Lanefan said:
However, there was a logical progression from 0th to 1st level (and even an adventure designed such that you could RP your character through it if you so desired), and it wasn't that big a jump; about the same as from 1st to 2nd level, and so on.
4e takes that 0th-to-1st jump and makes it a quantum leap.
Or, let's try another angle: how, in 4e, can I generate a Human adventurer - of any class or none - that has 5 hit points? (hint: "you can't" is not an acceptable answer...)
Lanefan
I remember that adventure, though AD&D had been out for many years before "zero-level" rules were published, and those rules were very much a novelty.
But no matter how experienced zero-level PCs were, they never gained a level. Heck, they didn't have ability scores generally, and a fighter could attack one for every fighter level he had, meaning that a tenth level fighter could easily kill ten level zero guards, but only one of their level 1 fighter sergeants. If this isn't superheroic, then I don't get the definition of the word.
4e doesn't support some builds. A PC minion (what's the mechanical difference between 5 hp and 1 hp? Darned near none) doesn't work in the system. It isn't about playing minions. Feature, not a bug.

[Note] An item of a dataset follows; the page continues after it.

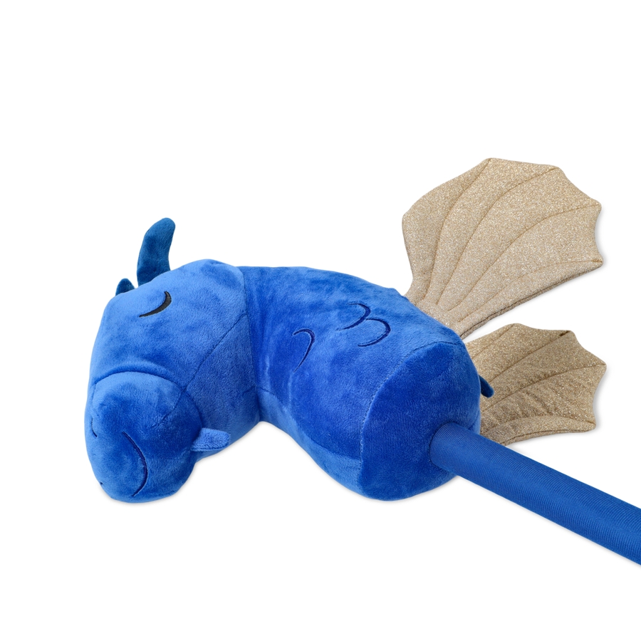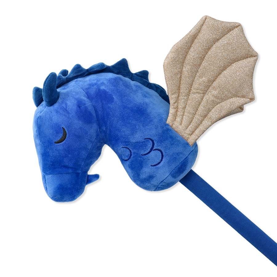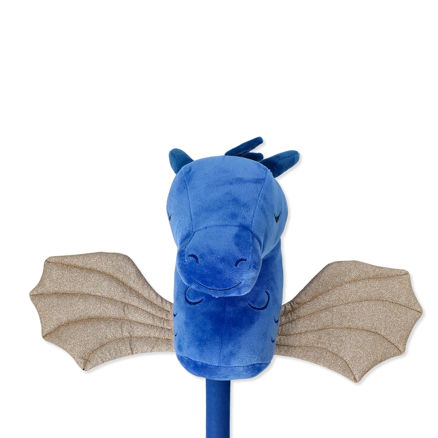 ドラゴンのホーススティック。やわらかいポリエステル製です。想像力豊かなお子様の夢を膨らませてください。魔法の国のような楽しいごっこ遊びをお楽しみください。推奨年齢2才以上です。手洗い可能です。サイズ:11×78×22 cm。
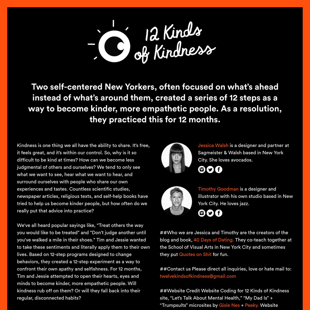 40 days of dating by jessica walsh and tim goodman . fed up with the new york dating scene designers jessica walsh and timothy goodman have launched ' 40 days of dating ' . 'the dating life in . . .

D&D has never supported all options. How do I build a nebbish bookwork adventurer who can't fight or cast spells but whose intelligence, research abilities, and good luck allow him to survive adventures in any edition of D&D? (The answer, you can't. This isn't even an Expert PC since they fight too well. A wizard with more skill points and no spells? You would have to house rule it.)
Back in the 80s, I left AD&D based on the class system (too narrow and restrictive), hit points (too unrealistic), the lack of a skills system and rules (too abstract and focused on combat.) Over the years, I have decided that many if not most of those things were the strengths of D&D, and not the weaknesses of the game, and that one of the problems of 3e is that it built of "solutions" to these problems that muddied the strong points of the D&D game such as simplicity and abstraction without really addressing issues of verisimilitude.
"Fixing" these problems (and I suspect that for many people, these were problems in play over time) would require deciding which way to go -- since D&D was trying to be several types of contradictory games in the 3e period, it seems likely to choose a direction and do it really well.
Of course, doing that will alienate customers who thought the mechanics I thought were muddy were actually an acceptable compromise between competing interests. This also seems reasonable.